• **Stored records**
-- -- --
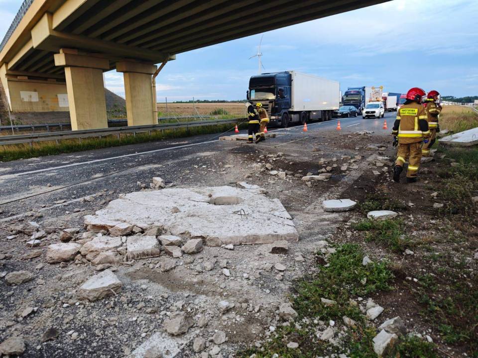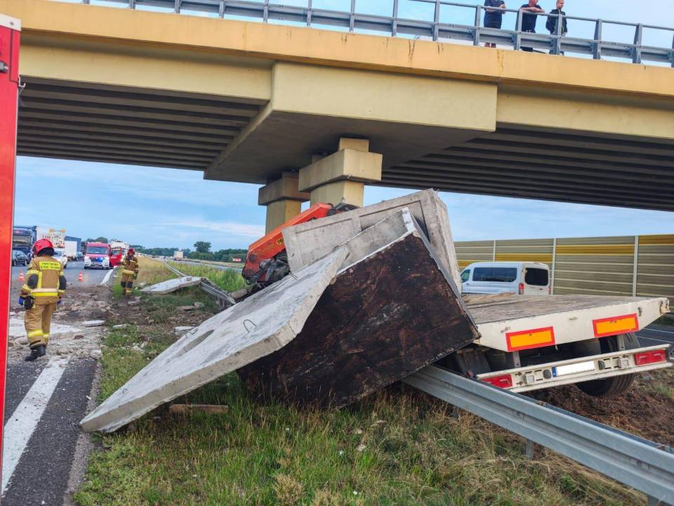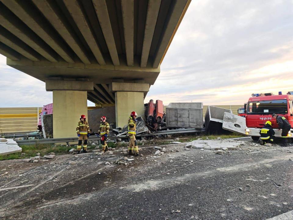 Poważny wypadek na A2. Ciężarówka uderzyła w wiadukt – ładunek rozsypał się na autostradzie
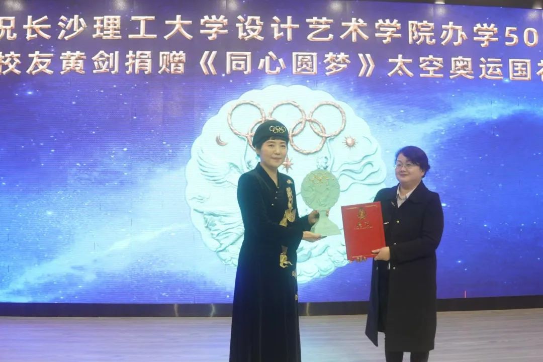 “奥运艺术大使”黄剑校友向学校捐赠了“同心圆梦”雕塑作品。
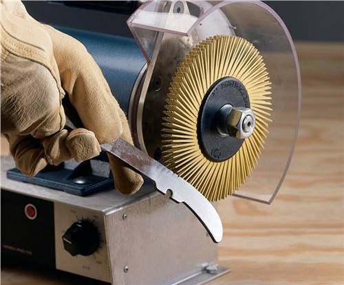 Borsten aus flexiblem Kunststoff mit keramischen Schleifkörnern (Cubitron™) durchsetzt · hohe Reinigungswirkung · z. B. Schweißnahtreinigung auf Edelstahl · mit gleichbleibendem hochwertigem Finish · erzeugt eine vollkommen gratfreie Oberfläche · besonders geeignet für geformte Werkstücke · ideal für den Einsatz auf dem Schleifbock, Geradschleifer oder biegsamen Wellen mit Flansch Ø 25,4 mm · Scheiben-Ø: 150 mm x Breite: 12 mm · Lieferung komplett mit Adapterstücken für die Reduzierung des Innendurchmessers · Weitere technische Eigenschaften Schleifmittel: Cubitron • Farbe: gelb • max. Drehzahl: 6000min-¹
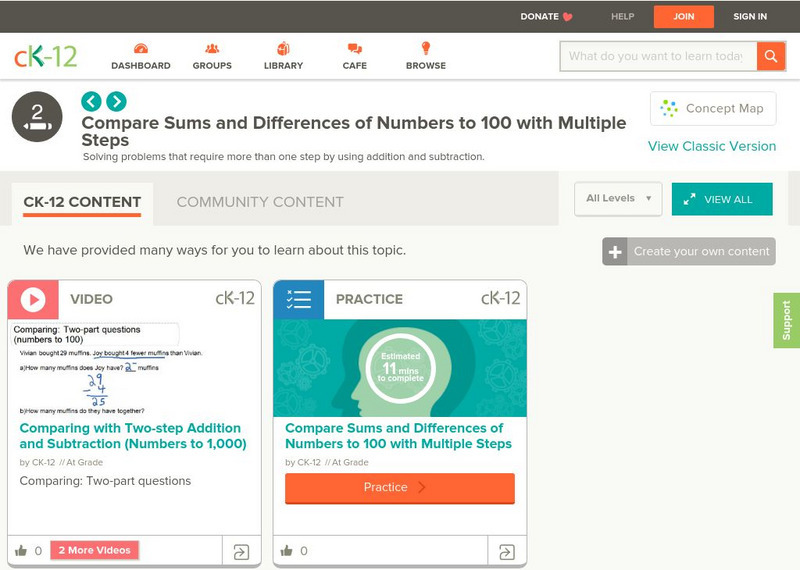 [Free Registration/Login may be required to access all resource tools.] The video shows how to break down a word problem into two steps to solve an addition problem with numbers up to 100. The video is followed by a series of practice...
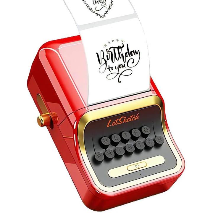 「互換品」LetSketch 200dpi レトロ 文具 ミニプリンター スマホ シール モバイル サーマル プリンター 感熱 bluetooth スマホ対応 軽量 静音 電池内蔵 レッド200dpi |
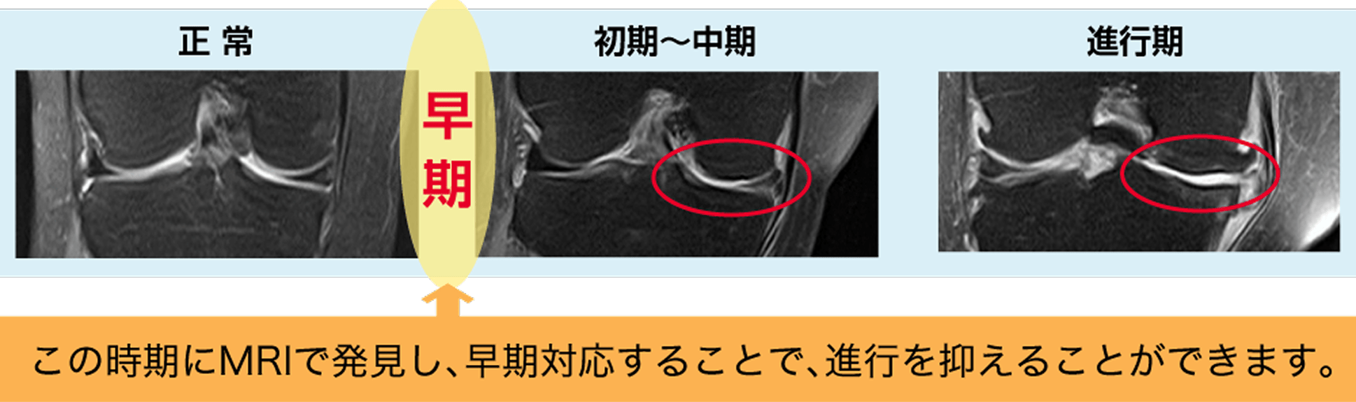 早期の変形性ひざ関節症は、レントゲン画像だけでは見つからない場合があります。MRI検査なら可視化されない初期変化を捉えることが可能です。
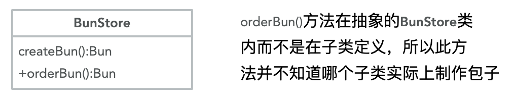 答:这个应该从BunStore类的orderBun()方法来看,此方法在抽象的BunStore类中定义,但是只在子类中实现具体类型。
-- -- --
• **Assignment**
With the pictures omitted, repeat the full set of records above exactly.

• **Task result**
 Poważny wypadek na A2. Ciężarówka uderzyła w wiadukt – ładunek rozsypał się na autostradzie
 “奥运艺术大使”黄剑校友向学校捐赠了“同心圆梦”雕塑作品。
 Borsten aus flexiblem Kunststoff mit keramischen Schleifkörnern (Cubitron™) durchsetzt · hohe Reinigungswirkung · z. B. Schweißnahtreinigung auf Edelstahl · mit gleichbleibendem hochwertigem Finish · erzeugt eine vollkommen gratfreie Oberfläche · besonders geeignet für geformte Werkstücke · ideal für den Einsatz auf dem Schleifbock, Geradschleifer oder biegsamen Wellen mit Flansch Ø 25,4 mm · Scheiben-Ø: 150 mm x Breite: 12 mm · Lieferung komplett mit Adapterstücken für die Reduzierung des Innendurchmessers · Weitere technische Eigenschaften Schleifmittel: Cubitron • Farbe: gelb • max. Drehzahl: 6000min-¹
 [Free Registration/Login may be required to access all resource tools.] The video shows how to break down a word problem into two steps to solve an addition problem with numbers up to 100. The video is followed by a series of practice...
 「互換品」LetSketch 200dpi レトロ 文具 ミニプリンター スマホ シール モバイル サーマル プリンター 感熱 bluetooth スマホ対応 軽量 静音 電池内蔵 レッド200dpi |
 早期の変形性ひざ関節症は、レントゲン画像だけでは見つからない場合があります。MRI検査なら可視化されない初期変化を捉えることが可能です。
 答:这个应该从BunStore类的orderBun()方法来看,此方法在抽象的BunStore类中定义,但是只在子类中实现具体类型。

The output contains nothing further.